Le débat sur la démolition des « tours » et des « barres » des grands ensembles voit le jour dès les débuts de la politique de la ville, au cours des années 1980, mais les réticences des pouvoirs publics sont alors très fortes, à la fois en raison de l’existence d’une importante demande de logements sociaux et d’un scepticisme quant à l’efficacité des démolitions comme outil de régulation de difficultés avant tout économiques et sociales.
De plus, l’Etat et les bailleurs sociaux ont attendu les effets positifs de la réhabilitation d’un parc à peine amorti financièrement avant d’envisager de démolir. Dans les premiers textes qui sortent au milieu des années 1980, la démolition est considérée comme un outil d’exception qui ne se justifie que par une vacance importante ou un projet urbain d’ensemble. Les opérations resteront ponctuelles jusqu’à la fin de la décennie suivante, lorsque le débat est remis au premier plan par le rapport Sueur qui suggère en 1997 de lancer des opérations de reconstruction. L’année suivante, la Caisse des dépôts crée des prêts « construction-démolition » pour les projets urbains de renouvellement menés dans les sites de la politique de la ville. Ces financements marquent un tournant décisif dans la doctrine des pouvoirs publics en matière de démolition des logements sociaux.
Le terme même de « construction-démolition » indique bien que la volonté de l’Etat n’est pas seulement de dé-densifier ces quartiers mais de produire une nouvelle offre de logements. L’idée s’apparente à celle d’un « recyclage » de ces territoires, dont on espère qu’ils s’engagent dans une « logique de marché », retrouvant une valeur foncière et immobilière. L’argument avancé est celui d’une désaffection croissante des demandeurs de logements sociaux pour les grands immeubles collectifs construits au cours des années 1960 et 1970. C’est aussi une façon de tirer les conséquences, par des démarches opérationnelles radicales, de l’image sociale très négative de certains quartiers (concentration de pauvres et d’immigrés, faible niveau scolaire, insécurité…). Rares sont cependant les sites qui envisagent une démolition complète, même si le début des années 2000 fut marqué par une surenchère constante en matière d’affichage d’objectifs quantitatifs. Après les années de montée en puissance, le Programme National de Rénovation Urbaine (PNRU) mis en place par la loi « Borloo » d’orientation et de programmation pour la ville et la rénovation urbaine du 1er août 2003 a fait de la démolition des logements sociaux l’un des outils puissants de transformation des quartiers en difficulté. L’article 6 de la loi prévoyait la démolition de 200 000 logements sociaux entre 2004 et 2008. La loi « Lamy » de programmation pour la ville et la cohésion urbaine du 21 février 2014 a modifié cet article en portant l’objectif à 250 000 démolitions entre 2004 et 2015. Fin 2022, l’état d’avancement du programme national de rénovation urbaine faisait état d’un peu plus de 164 000 démolitions réalisées ou programmées.

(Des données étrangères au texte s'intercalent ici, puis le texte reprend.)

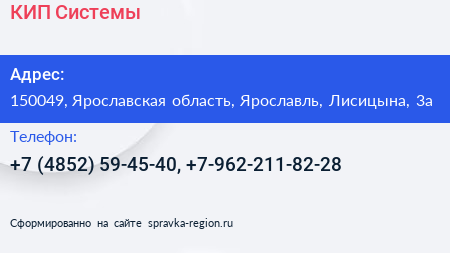 КИП Системы по адресу 150049, Ярославская область, Ярославль, Лисицына, 3а в дальнейшем Организация, размещена в следующих категориях:

La dimension sociale de ces opérations est sans doute la plus difficile à maîtriser. Elle suppose une gestion très attentive du relogement des occupants des immeubles et a donné lieu à la construction de compétences nouvelles au sein des organismes de logement social en matière de suivi des situations sociales des locataires. Elle a également mis en lumière l’attachement de ces derniers à l’égard de leurs quartiers. Elle a aussi largement démontré l’illusion qui consisterait à penser résoudre des problèmes sociaux en faisant disparaître le bâti qui les abrite.
Depuis le début des années 2020, la montée des préoccupations écologiques et de leurs liens avec le secteur du bâtiment met en cause le mauvais bilan carbone des opérations de démolition/reconstruction et pourrait conduire à un ralentissement des programmes de démolition des logements sociaux.